On March 5, 2014, the Supreme Court issued its decision in BG Group PLC v. Republic of Argentina,1 upholding an arbitration panel's award of damages against Argentina for breaching an international investment treaty. The Court held that although the party initiating the arbitration had failed to satisfy an express condition precedent to arbitration, the case properly proceeded to arbitration and federal courts were obligated to enforce the award.
- Facts and procedural history
A 1990 bilateral treaty between the United Kingdom and Argentina “contain[ed] a dispute-resolution provision, applicable to disputes between one of those nations and an investor from the other.”2 The provision entitled any party to proceed unilaterally to arbitration,3 provided that the dispute was first submitted to a court in the country where the investment was made—which the Court termed the “local litigation” provision.
In 2003, after Argentina changed the way it calculated gas tariffs, negatively impacting petitioner BG Group (a British firm which was a part-owner of former state-owned gas distribution assets in Argentina), BG Group sought arbitration against Argentina for violating substantive provisions of the treaty. BG Group did not first seek relief in the courts of Argentina.
The arbitration took place in the United States, with the panel ultimately issuing its final decision in Washington, D.C. Argentina denied that it had violated any substantive provisions of the treaty and asserted that arbitration was improper because BG Group did not comply with the local litigation requirement. Argentina lost on both counts and BG Group was awarded $185 million, with the arbitration panel finding that BG Group was excused from first filing a suit because of a decree the President of Argentina had made which hindered BG Group’s recourse in their courts and thus “implicitly excused compliance with the local litigation requirement.”4 Both parties then filed petitions for review in the United States District Court for the District of Columbia—BG Group seeking to confirm its monetary award and Argentina seeking to vacate it arguing the panel lacked jurisdiction. The district court confirmed the award, but the Court of Appeals for the D.C. Circuit reversed. The court of appeals decided it owed no deference to the arbitration panel on the question of whether the condition precedent to arbitration should be excused, and thus took it upon itself to decide that the Presidential decree was insufficient to excuse BG Group’s noncompliance.
- Background law
The Supreme Court has issued over a dozen decisions specifically addressing the question of which issues are for arbitrators to decide and which are for courts. The general rule is that “courts determine the parties’ intent with the help of presumptions,” which are conclusive unless the parties “clearly and unmistakably provide” for a contrary result.5 The presumptions are that questions of “arbitrability” (i.e., whether there is an agreement to arbitrate at all, and the enforceability and scope of that agreement) are decided by courts, while questions about “particular procedural preconditions” or “defenses” to arbitration (i.e., whether the claim is timely, there was adequate notice, or waiver or estoppel were applicable) are decided by arbitrators.6
The distinction matters for at least two reasons: (1) arbitrators may be more likely to make decisions that enhance their own power; and crucially (2) courts review such decisions properly submitted to arbitration with “considerable deference,”7 as opposed to de novo (with no deference).
- The Court’s decision
All nine Justices agreed that the treaty’s local litigation requirement was of the procedural variety, and thus that applying the Court’s “ordinary presumption” would mean that the arbitrators should decide whether it was excused.8 The issue that divided the Court was whether to treat the treaty as it would “an ordinary contract between private parties.”9 Justice Breyer, writing for the majority noted that a treaty is simply a contract between nations and it is settled law that they are to be interpreted in a manner similar to ordinary private contracts. So the Court concluded that the question of whether the local litigation requirement was excused was for the arbitrators to decide. It then upheld the arbitrators’ decision under the considerable deference standard.

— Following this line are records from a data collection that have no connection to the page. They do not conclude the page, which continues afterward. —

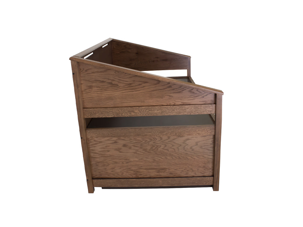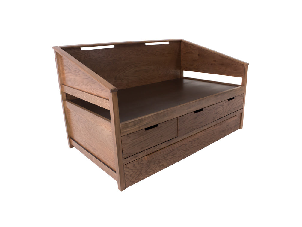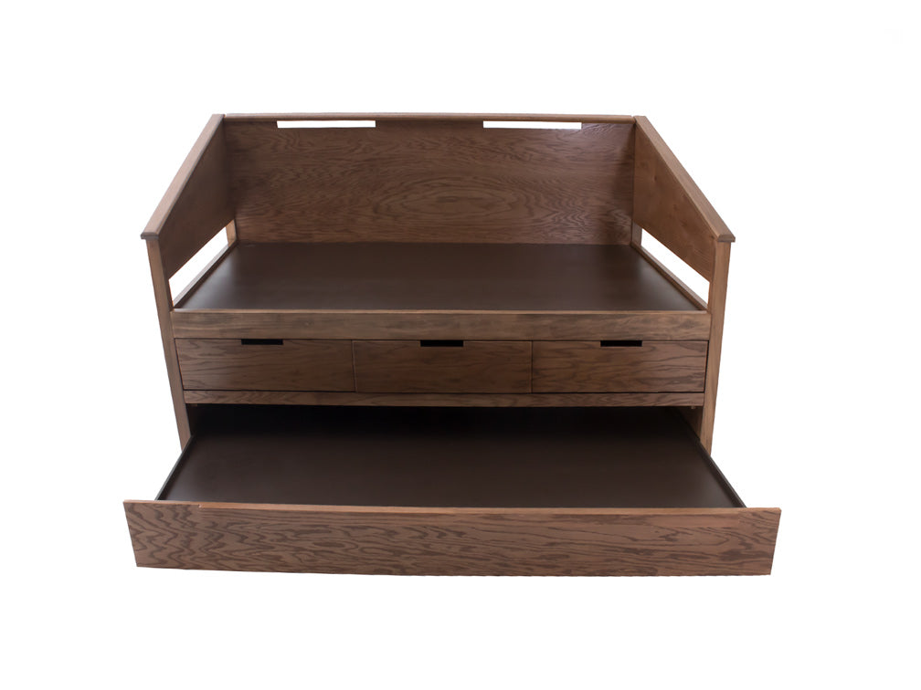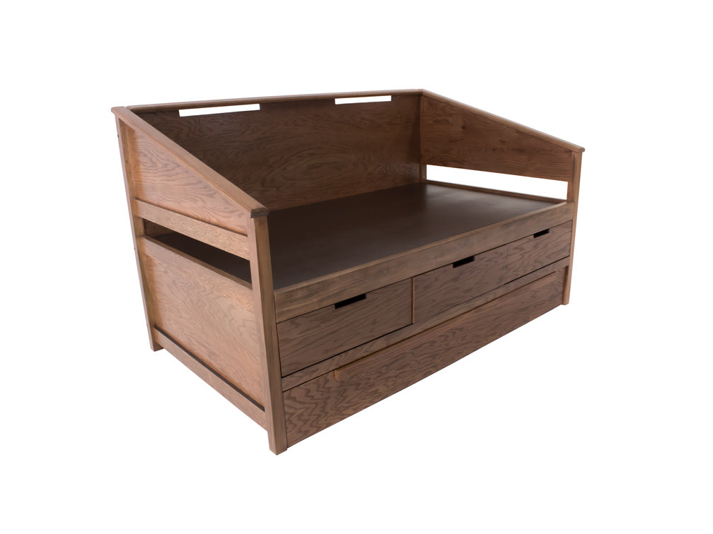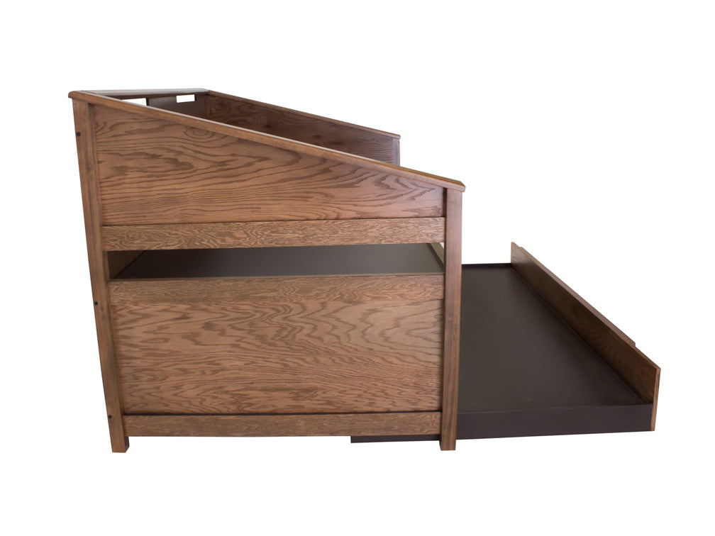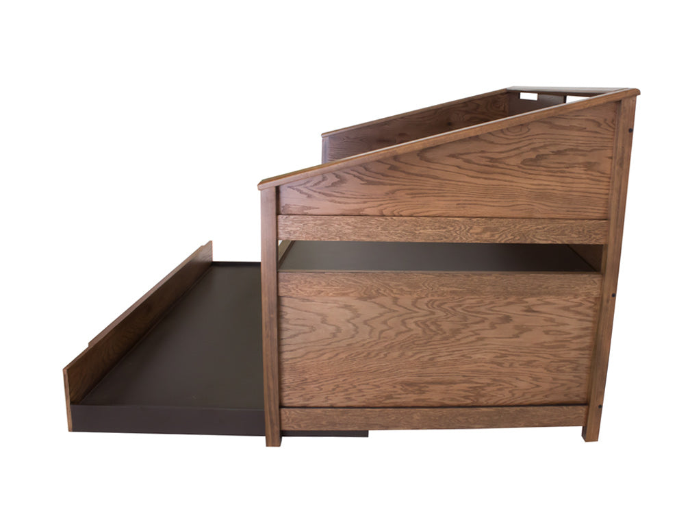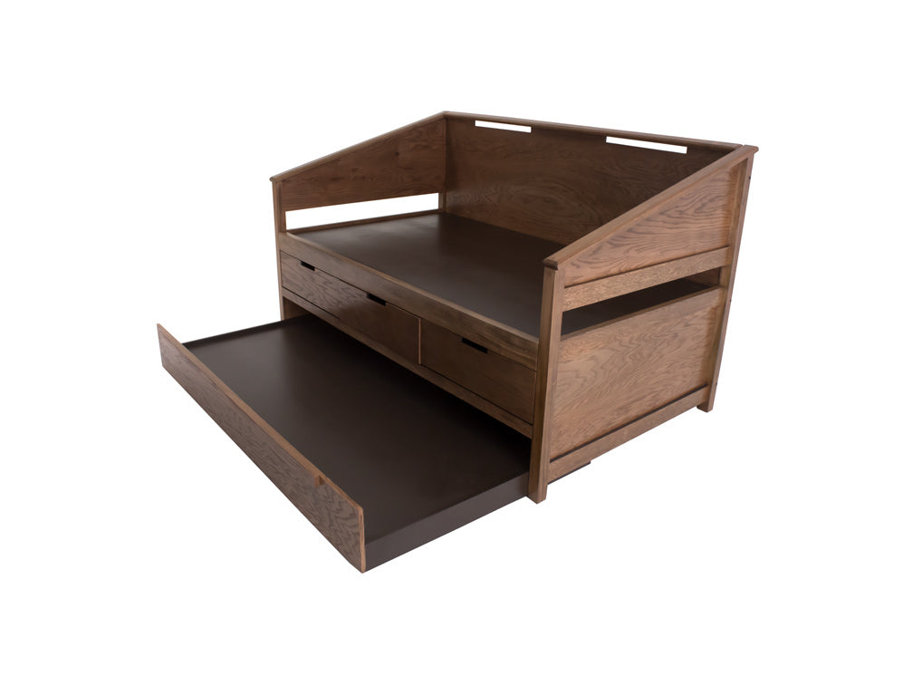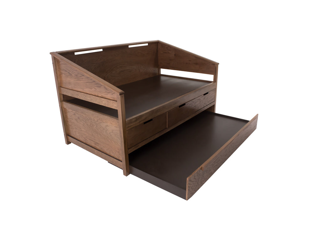 Esta práctica cama canguro Kontempo es fabricada en madera y enchapado de encino, por lo que es más resistente y duradera. Además de darle un estilo más rústico a su recámara.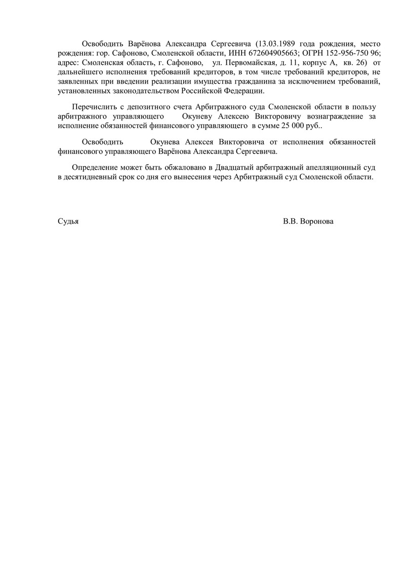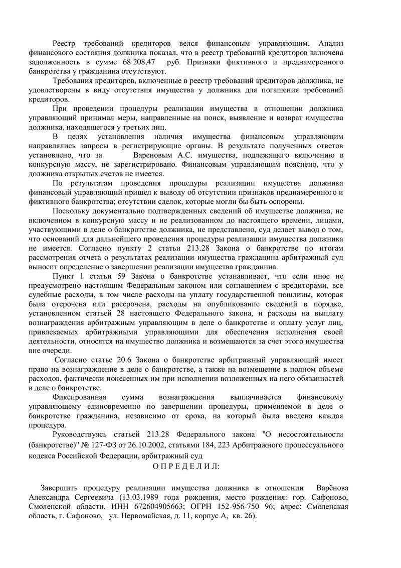 Финансовый управляющий проверил наличие у нашего клиента активов, но не нашел имущества или открытых счетов. Более того, не было выявлено признаков фиктивного или преднамеренного банкротства. В результате суд вынес определение о завершении процедуры.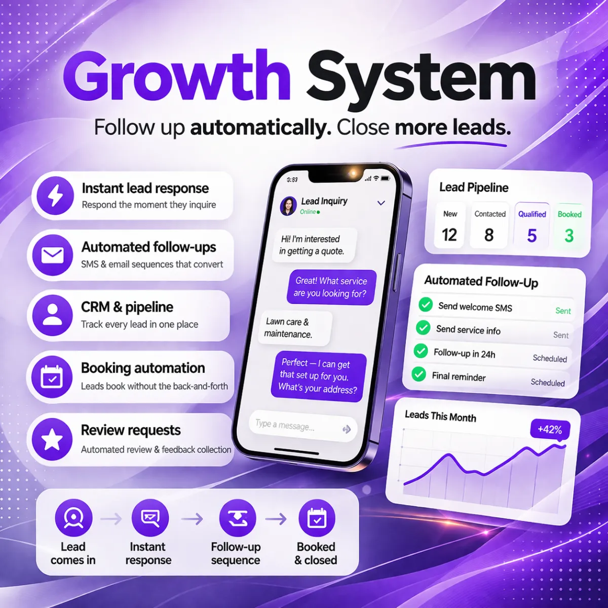 Growth System connects your leads, messages, and marketing into one automated system that responds instantly, stays in touch, and keeps your business top of mind.

Justice Roberts, joined by Justice Kennedy, dissented. While not disputing that the treaty was a contract, Justice Roberts focused on the fact that the treaty was not a contract between the parties to the dispute. In his view, BG Group and Argentina had no contract providing for arbitration at all. Rather the treaty represented a “unilateral standing offer” by both countries to arbitrate with investors if the local litigation requirement was met.10 And because BG Group had not fulfilled the condition, unless it could establish a valid excuse for failing to do so, it could not accept the offer. Therefore, the dissent viewed the issue of whether or not BG Group should be excused from the condition not as a matter of procedure in an otherwise valid arbitration agreement, but as a matter of whether a contract containing an arbitration agreement was ever formed at all—a matter for courts to decide. Accordingly the dissent would have remanded the case to have the lower courts determine for themselves (without any deference to the arbitration panel) whether the condition was excused.11
While the decision broke some new ground in its application of arbitration principles in the context of treaties, it otherwise followed established precedent. In addition to BG Group’s obvious relevance in the international context, the decision more generally illustrates the rigidity of the distinction between questions of “arbitrability” and “procedure.” Unless parties explicitly indicate whether they want an issue to be decided by an arbitrator or by a court, the accompanying presumptions (courts for “arbitrability;” arbitrators for “procedure”) will likely be determinative.